So I'm working on a speech to text project using Python and Google Cloud Services (for phone calls). The mp3s I receive have one voice playing in the left speaker, the other voice in the right speaker.
So during testing, I manually split the original mp3 file into two WAV files (one for each channel, converted to mono). I did this splitting through Audacity. The accuracy was about 80-90%, which was perfect for my purposes.
However, once I tried to automate the splitting using ffmpeg (more specifically: ffmpeg -i input_filename.mp3 -map_channel 0.0.0 left.wav -map_channel 0.0.1 right.wav), the accuracy dropped drastically.
I've been experimenting for about a week now but I can't get the accuracy up. For what it's worth, the audio files sound identical to the human ear. I found that when I increase the volume of the output files, the accuracy gets better, but never as good as when I did the splitting with Audacity.
I guess what I'm trying to ask is, what does Audacity do differently?
here are the sox -n stat results for each file:
**Split with ffmpeg(~20-30% accuracy): **
Samples read: 1690560
Length (seconds): 211.320000
Scaled by: 2147483647.0
Maximum amplitude: 0.433350
Minimum amplitude: -0.475739
Midline amplitude: -0.021194
Mean norm: 0.014808
Mean amplitude: -0.000037
RMS amplitude: 0.028947
Maximum delta: 0.333557
Minimum delta: 0.000000
Mean delta: 0.009001
RMS delta: 0.017949
Rough frequency: 789
Volume adjustment: 2.102
Split with Audacity: (80-90% accuracy)
Samples read: 1689984
Length (seconds): 211.248000
Scaled by: 2147483647.0
Maximum amplitude: 0.217194
Minimum amplitude: -0.238373
Midline amplitude: -0.010590
Mean norm: 0.007423
Mean amplitude: -0.000018
RMS amplitude: 0.014510
Maximum delta: 0.167175
Minimum delta: 0.000000
Mean delta: 0.004515
RMS delta: 0.008998
Rough frequency: 789
Volume adjustment: 4.195
original mp3:
Samples read: 3379968
Length (seconds): 211.248000
Scaled by: 2147483647.0
Maximum amplitude: 1.000000
Minimum amplitude: -1.000000
Midline amplitude: -0.000000
Mean norm: 0.014124
Mean amplitude: -0.000030
RMS amplitude: 0.047924
Maximum delta: 1.015332
Minimum delta: 0.000000
Mean delta: 0.027046
RMS delta: 0.067775
Rough frequency: 1800
Volume adjustment: 1.000
One thing that stands out to me is that the duration isn't the same.
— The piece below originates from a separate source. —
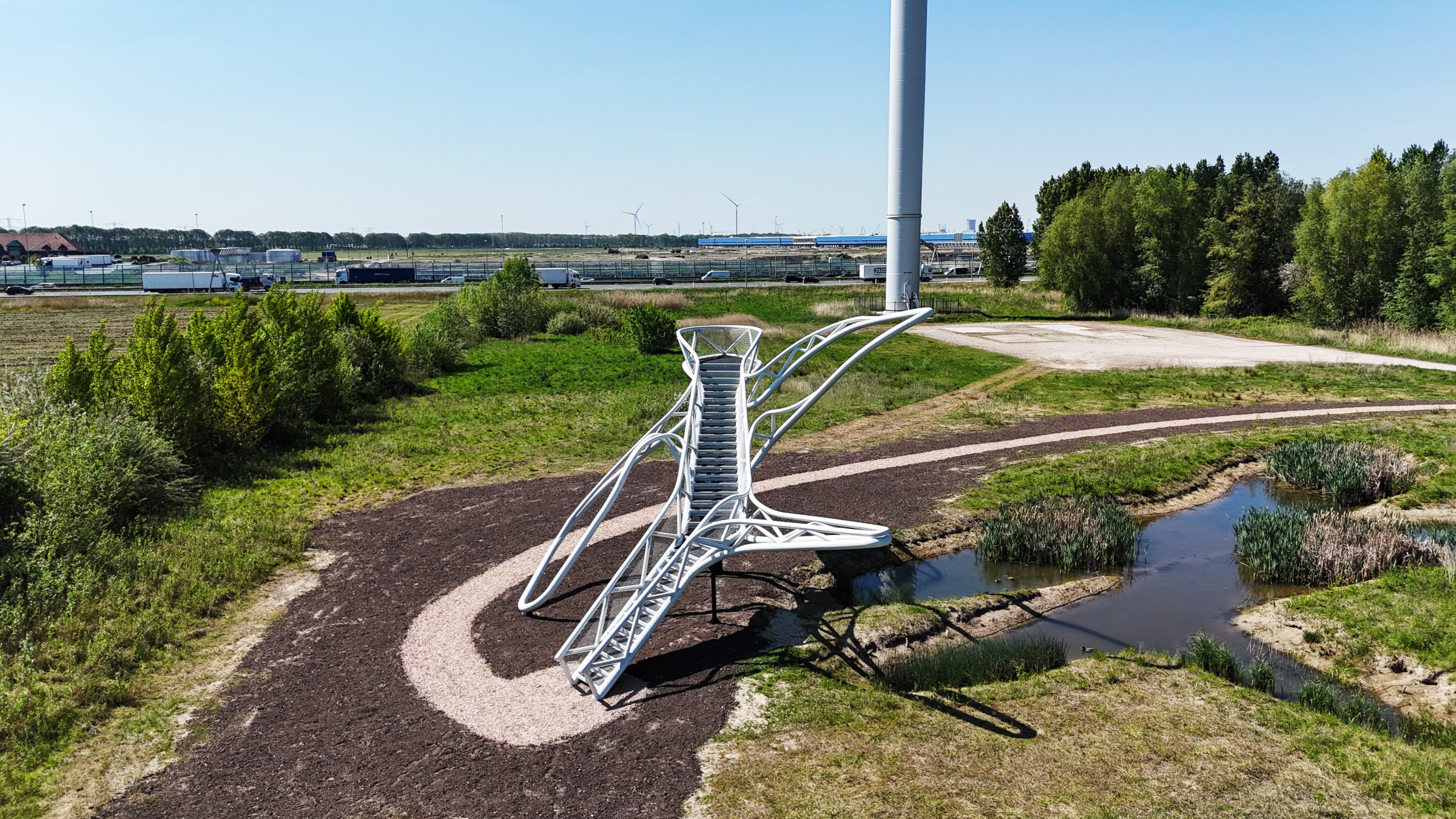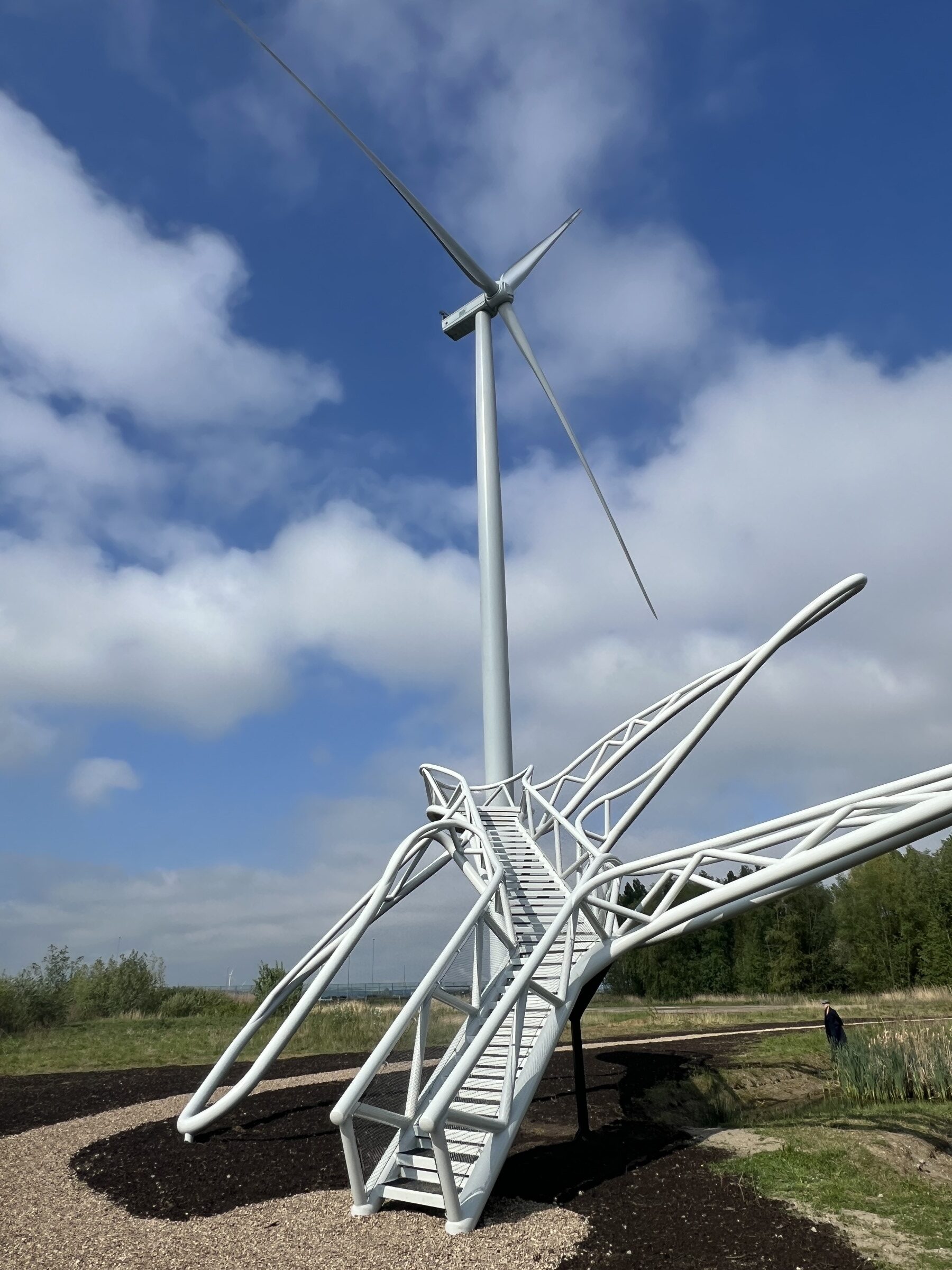 De uitkijktoren is ontworpen door Studio Jeroen Everaert en werd architectonisch uitgewerkt door Sander Boer van Studio MAUC. De toren staat aan de rand van een waterpartij in de vorm van zijn eigen slagschaduw. Wie de toren beklimt, voelt de wind op hoogte en kijkt uit op een turbine die energie opwekt voor 5.000 huishoudens.

Also the amplitudes. Can I instruct ffmpeg what the duration is when it is doing the splitting? And can I change all the amplitudes to match the audacity file? I'm not sure what to do to get to the 80% accuracy rate, but increasing volume seems to be the most promising solution so far.
Any help would be greatly appreciated. I don't have to use ffmpeg, but it seems like my only option, as Audacity isn't scriptable.